Interestingly, 2025 testing showed that simply tipping a burning EV onto its side gave responders better access to the battery pack, significantly reducing suppression time. It's a vivid reminder that vehicle design doesn't just affect how a car drives — it determines how manageable it is in an emergency.
Rethinking Fire Suppression
Traditional approaches like smothering fires with blankets have been attempted, but EV fires demand more specialized solutions. This is exactly why we at FireFibers are dedicated to developing advanced lithium-ion fire blanket technology specifically engineered for the unique challenges of battery fires.
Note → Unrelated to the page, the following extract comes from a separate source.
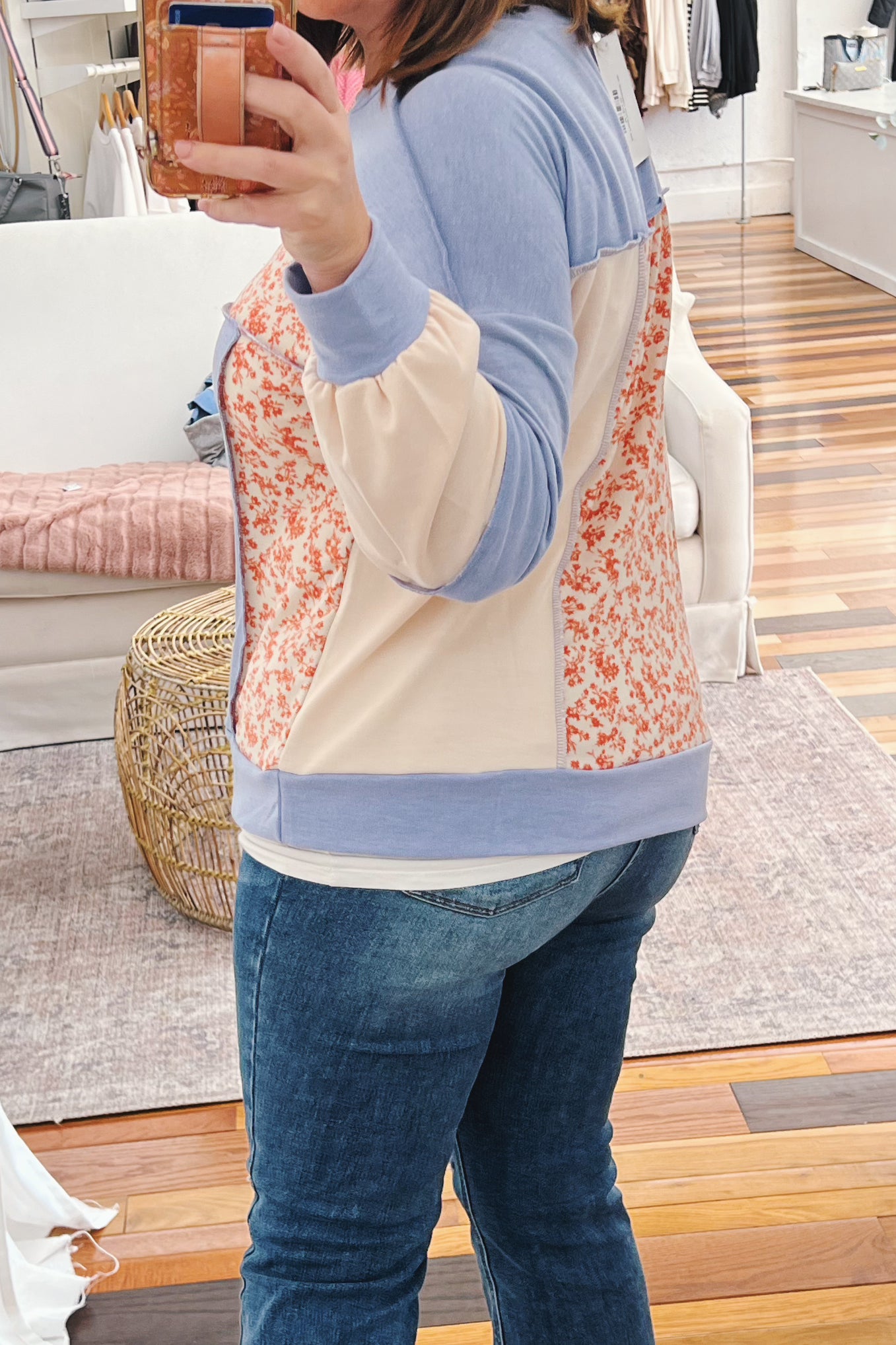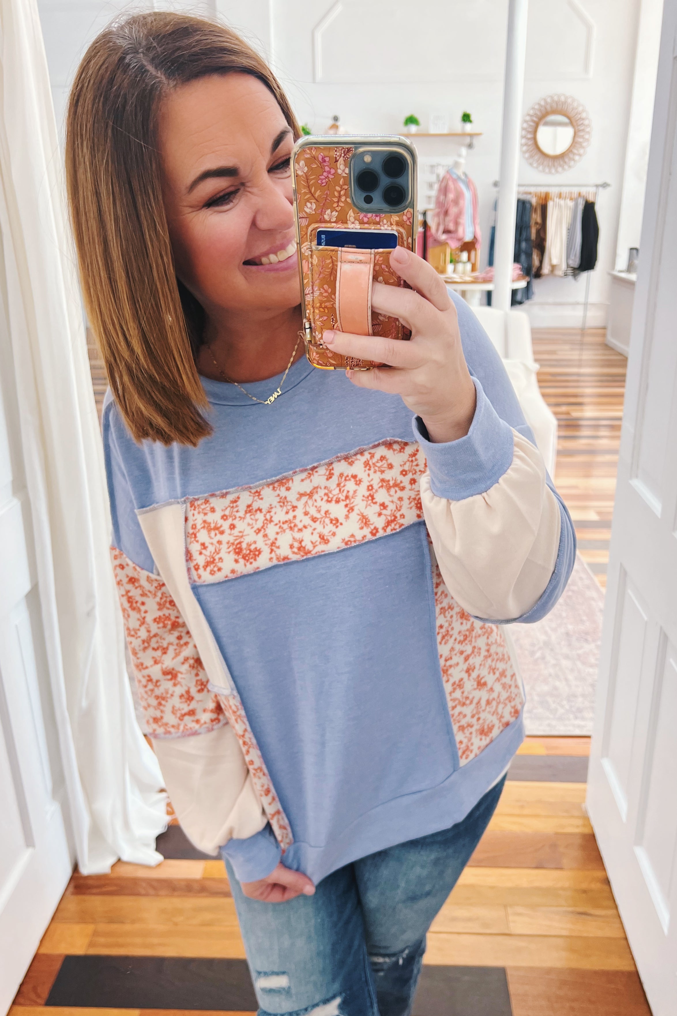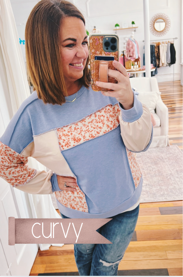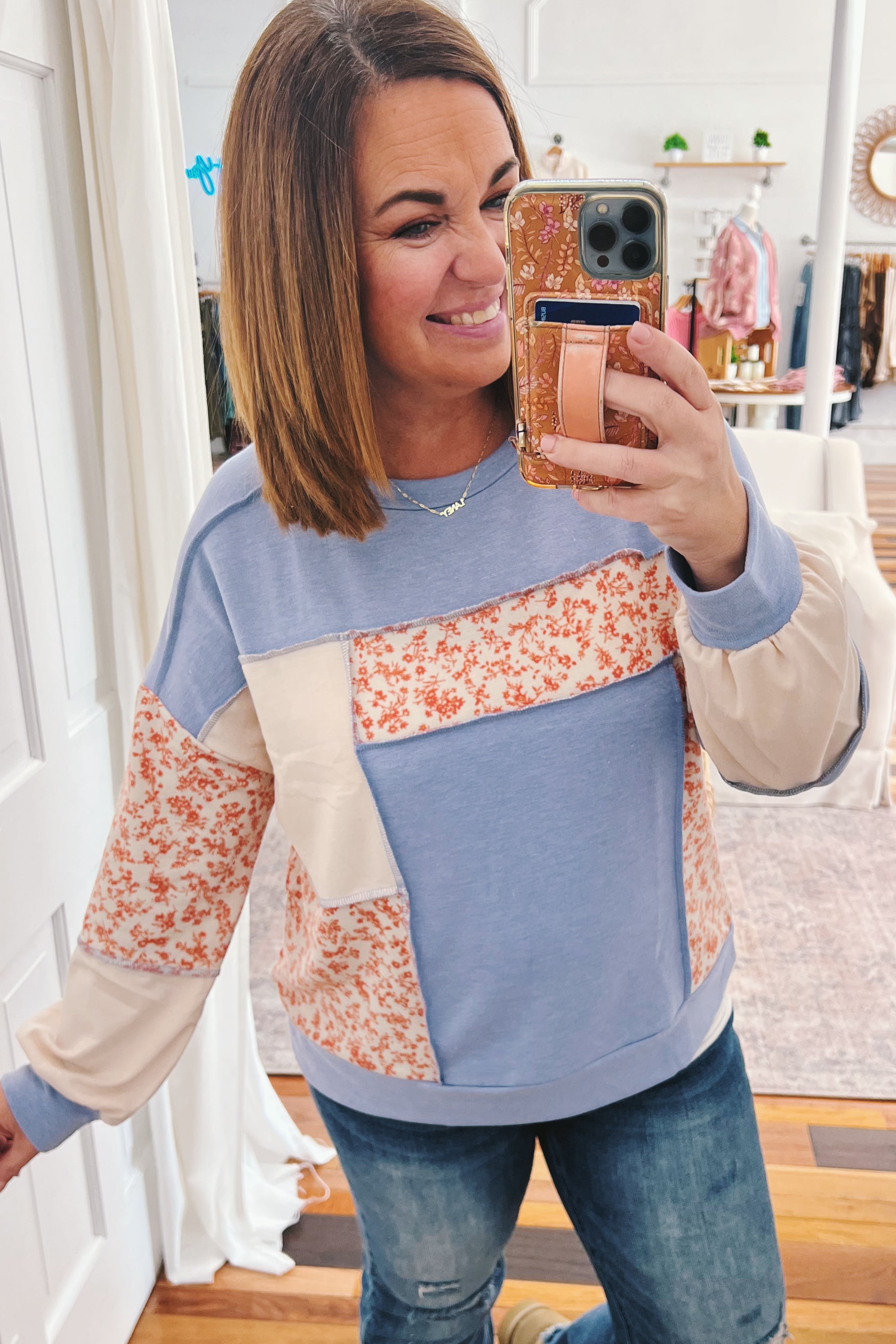 Throw on this effortless colorblock top and embrace the art of doing absolutely nothing—stylishly. Featuring a playful mix of soft blue, coral, and tan in a bold print block design, it's basically wearable comfort. The brushed knit fabric feels like a cozy hug, while exposed seams add an intentional, modern edge. With its slouchy relaxed fit, you'll feel like you're wearing your favorite oversized sweater all day long. True to size and ready for everything from coffee runs to weekend hangs.

Our fire blankets are designed not just to cut off oxygen at the surface, but to provide sustained containment during the critical hours when reignition is most likely — addressing the very gap this article identifies. When the fire you're fighting can come back to life without warning, you need suppression tools built for that reality.
The Bigger Picture
EV adoption is accelerating rapidly, and our fire safety infrastructure needs to keep pace. Firefighters need the right tools, the right training, and the right equipment to handle a new generation of vehicle fires that don't follow the old rules.
The question isn't whether we'll face more of these incidents — it's whether we'll be prepared when we do.